Figure 1. The Doors memory paradigm used in this study. On the left, the encoding samples only presented at T1, followed by one trial of the recognition memory task for each of the time measurements, in which the participant needs to identify the target among three distractors and give a confidence rating.

After a 20–30 min delay, participants were asked to identify the 15 target doors in a four-alternative forced-choice array including a new set of distractor doors (T2). After a mean delay of 7 days [range 5–13 days], all participants were called by telephone and asked to open a link to the online version of the delayed Doors test that was sent by email. They were asked to immediately complete this test. Again, participants had to identify the 15 target doors in a four-alternative forced-choice array (with a new set of distractor doors, T3). Participants were informed beforehand about the phone call, to ensure they were home and able to take the test. However, participants were not informed of the exact nature of the phone call (they were told we had some additional questions).

Statistical Analyses

Forgetting scores

In this study, we used forgetting scores, calculated relative to T1 as general baseline.

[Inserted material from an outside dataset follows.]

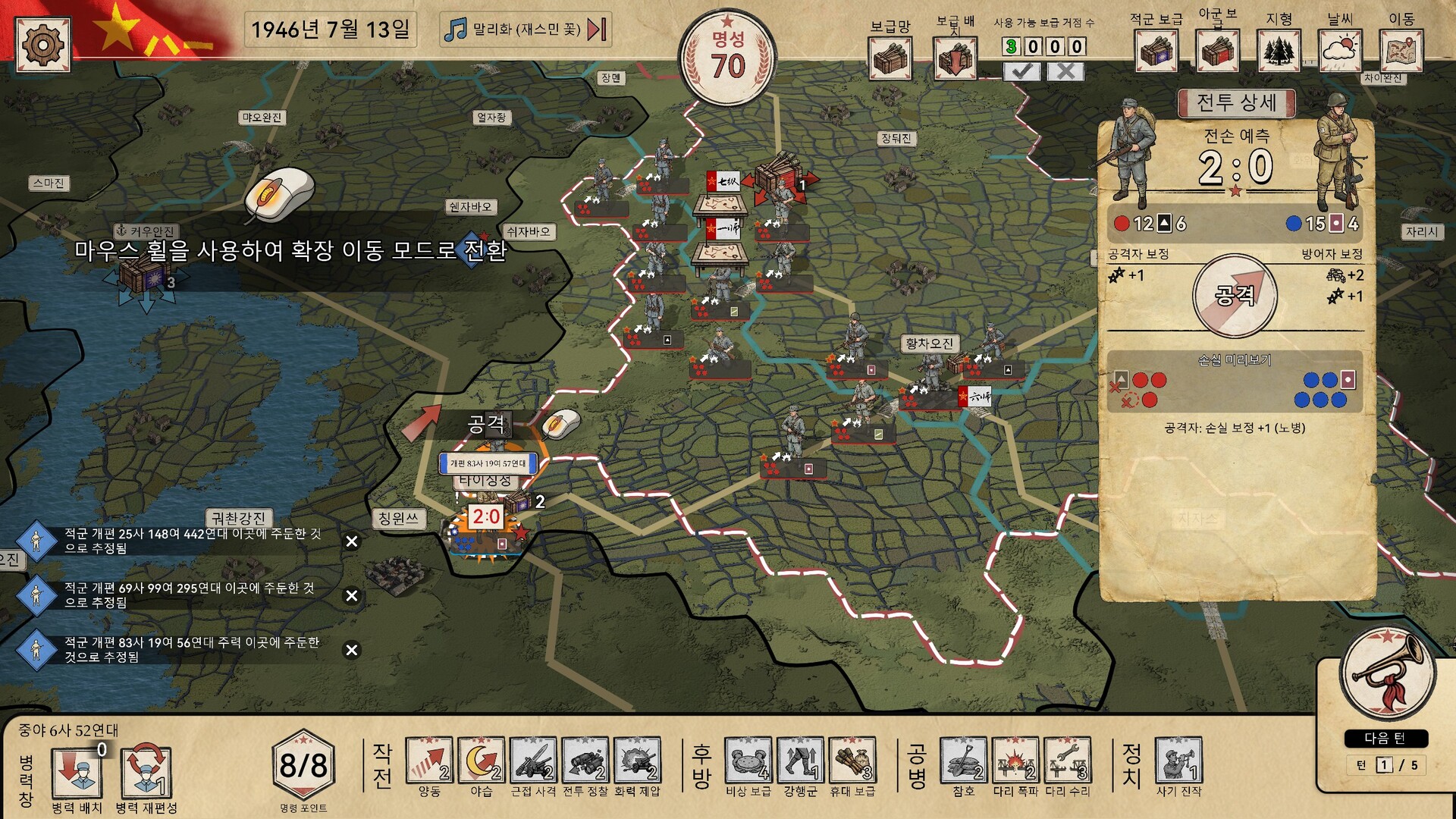 준비되셨나요, 동지 여러분? 이 'Unity of Command' 스타일의 턴제 헥사곤 워게임에서, 당신은 중국 인민 해방군을 지휘하여 해방 전쟁 중에 웅동하는 반동 세력을 강타하고 전 중국의 해방을 이끌어 낼 것입니다!

The forgetting scores reflect the forgotten items as a percentage of the items that are acquired at T1 and are calculated with Equations 1 and 2.

(1) $${{\rm{T2}}\,{\rm{forgetting}}\,{\rm{score}} = \left( {\left( {{\rm{hits}}\,{\rm{at}}\,{\rm{T1}} - {\rm{hits}}\,{\rm{at}}\,{\rm{T2}}} \right)/{\rm{hits}}\,{\rm{at}}\,{\rm{T1}}} \right) \times {\rm{1}}00}$$
(2) $${{\rm{T3}}\,{\rm{forgetting}}\,{\rm{score}} = \left( {\left( {{\rm{hits}}\,{\rm{at}}\,{\rm{T1}} - {\rm{hits}}\,{\rm{at}}\,{\rm{T3}}} \right)/{\rm{hits}}\,{\rm{at}}\,{\rm{T1}}} \right) \times {\rm{1}}00}$$

The recognition task has a four-item forced-choice design; therefore, it might be that participants performed better at T2 or T3 compared to T1. As we are interested in forgetting after initial acquisition, negative forgetting scores were set to 0, indicating that 0% of the initially learned items are forgotten.

In order to compare the increase in the proportion of forgotten items from T1 to T2, and T1 to T3, we performed a mixed-model ANOVA with T2 forgetting score and T3 forgetting score as within-subject factor and group (all patients taken together versus controls) as between subject factor. Effect sizes were expressed as η p 2. Bonferroni-corrected pairwise comparisons were used in case of a significant main effect of time. In case of violation of the assumption of sphericity Greenhouse–Geisser correction was applied. Additionally, to check whether forgetting was not affected by rehearsal that could be the result of the initial learning capacity (Baddeley, Atkinson, Kemp, & Allen, Reference Baddeley, Atkinson, Kemp and Allen2019), we conducted a linear regression analysis in order to assess the association between T1 accuracy (learning capacity) and forgetting rates between T2 andT3. Forgetting rates between T2 and T3 reflect the forgotten items at T3 as a percentage of the items that are acquired at T2 and are calculated with Equation 3.

(3) $${{\rm{T2}}-{\rm{T3}}\,{\rm{forgetting}}\,{\rm{score}} = \left( {\left( {{\rm{hits}}\,{\rm{at}}\,{\rm{T2}}-{\rm{hits}}\,{\rm{at}}\,{\rm{T3}}} \right)/{\rm{hits}}\,{\rm{at}}\,{\rm{T2}}} \right) \times {\rm{100}}}$$

Prevalence of RF and ALF within the patient group was calculated based on the performance of the stroke-free control group. A patient was identified with RF when he/she scored below 2 standard deviations of the mean of the control group on the T2 forgetting score. A patient was labeled as having ALF when he/she scored within 2 standard deviations from the mean of the control group on the T2 forgetting score and had a T3 forgetting score of more than 1.5 standard deviations above the mean of the T3 forgetting score of the control group (deviating forgetting score).

Comparability of the demographic characteristics of the patients without forgetting, patients with RF, patients with ALF, and healthy controls was assessed using one-way ANOVAs and chi-squared tests.

Confidence ratings

To establish the relative influences of memory accuracy, delay interval, and participant group (healthy controls, NF patients, RF patients, ALF patients) on memory confidence, we calculated the mean confidence for every participant for the trials with correct responses and those with incorrect responses. To assess how much participants adjust their judgment based on accuracy, a slope was calculated by subtracting the mean confidence for trials with correct responses from the mean for the trials with incorrect responses, per participant per time measurement.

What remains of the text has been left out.